- Nahirianka Nahirianka
- Coordinates: 48°55′51″N 25°44′03″E﻿ / ﻿48.93083°N 25.73417°E
- Country: Ukraine
- Oblast: Ternopil Oblast
- District: Chortkiv Raion
- Area: 1,480 km^{2} (570 sq mi)
- Elevation: 318 m (1,043 ft)
- Population: 1,785
- • Density: 1.21/km^{2} (3.12/sq mi)
- Website: селище Нагірянка райцентр Чортків ^{(Ukrainian)}

= Nahirianka =

Nahirianka (Нагі́рянка) is a village or rural settlements (селище, selysche) located in the Chortkiv Raion (district) of the Ternopil Oblast (province of Western Ukraine). It hosts the administration of Nahirianka rural hromada, one of the hromadas of Ukraine. The area of the village totals is 14,80 km^{2} and the population of the village is about 2122 people. Local government is administered by Nahirianska village council.

== Geography ==
The village is located on the banks of the Cherkaska River (right tributary of the Seret, Dniester River basin). That is along the Highway M19 (Ukraine) (') at a distance of 15 km from the district center of Chortkiv, 92 km from the regional center Ternopil and 34 km from the town of Zalishchyky.

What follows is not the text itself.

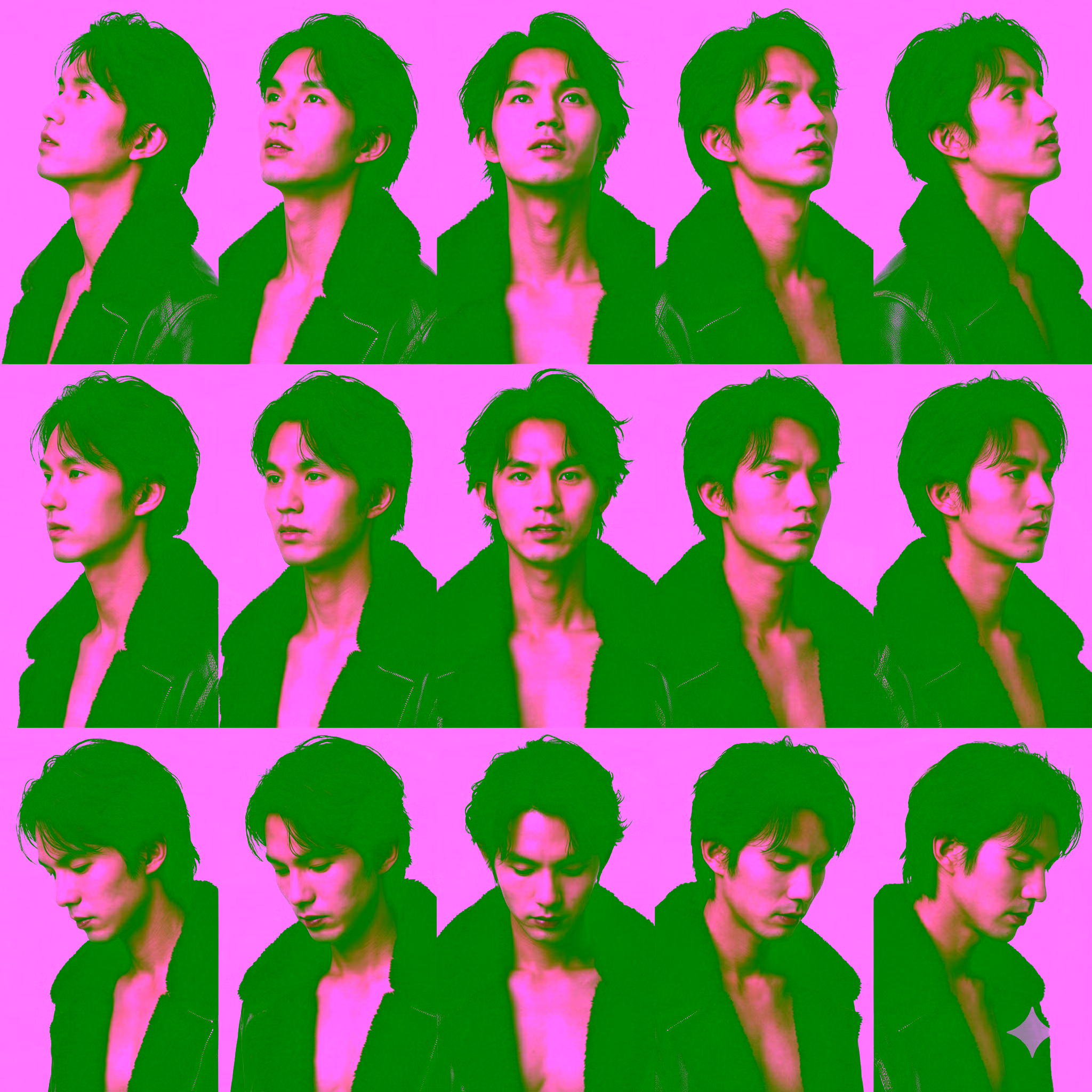 A composition featuring 15 close-up shots from different angles, on a white background, with all shots keeping the subject’s facial features completely consistent and unchanged. Row 1: Upward Angles (Pitch Up / Looking Up) This row simulates the camera shooting from a lower position upward, or the subject tilting their head up.

The village is joined by the khutory of Hai Nahoryanski and Marylivka.

== History and Attractions ==
The village is known from the 16th century, although the official founding date of the village is 1785. Initially, the village was known as the suburbs of the village Yahilnytsya. But archeological sights and remains of settlements of Trypillian culture (3rd millennium BC) and Culture of ancient Rus (11th-13th centuries) it was found near the village Nahirianka.

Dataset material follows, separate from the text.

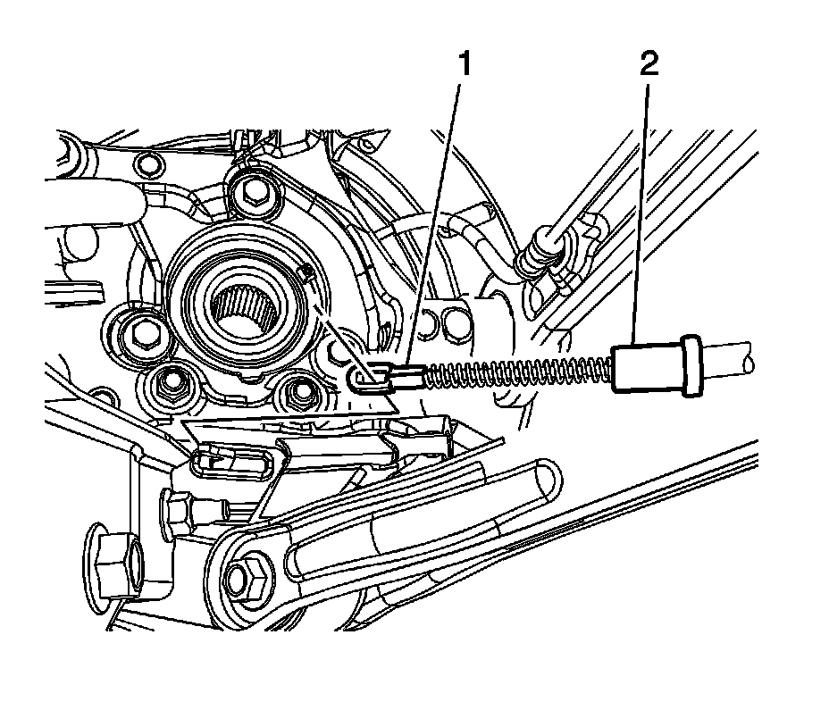 3. Install the rear park brake cable ferrules (2) to the suspension knuckles.

Nahirianka village contains one of the most powerful castles, Hetman S. Lyantskoronsky - Yahilnytsia Castle, 1630. There are an architectural monuments of local importance of the Ternopil region, Chortkiv district in the village. It is a wooden Church of St. Michael 1672–1782 years (N-691/1) and wooden bell tower 18th century (N-481/2).

==People==
- Oleh Barna (1967–2023), Ukrainian public and political figure, Member of Verkhovna Rada of Ukraine, participant of the Russian-Ukrainian war
- Stepan Barna (born 1979), Ukrainian political activist and former member of the Verkhovna Rada of Ukraine
- Volodymyr Dobrianskyi (born 1966), Ukrainian scientist, archaeologist, historian, speleologist, and researcher of antiquities, fortifications and toponymy
- Roman Varkhol (born 1957), Ukrainian poet, teacher
- Taras Vashchuk (born 1947), Ukrainian artist
- Volodymyr Prokopyk, Ukrainian composer, arranger, former leader of the Smerichka vocal group
- Mariia Protseviat (born 1936), Ukrainian singer, conductor, teacher, public figure
- Uliana Shkromiuk (born 1952), Ukrainian master, ceramist

President of Ukraine Leonid Kuchma and public and political activist Viacheslav Chornovil visited Nahirianka.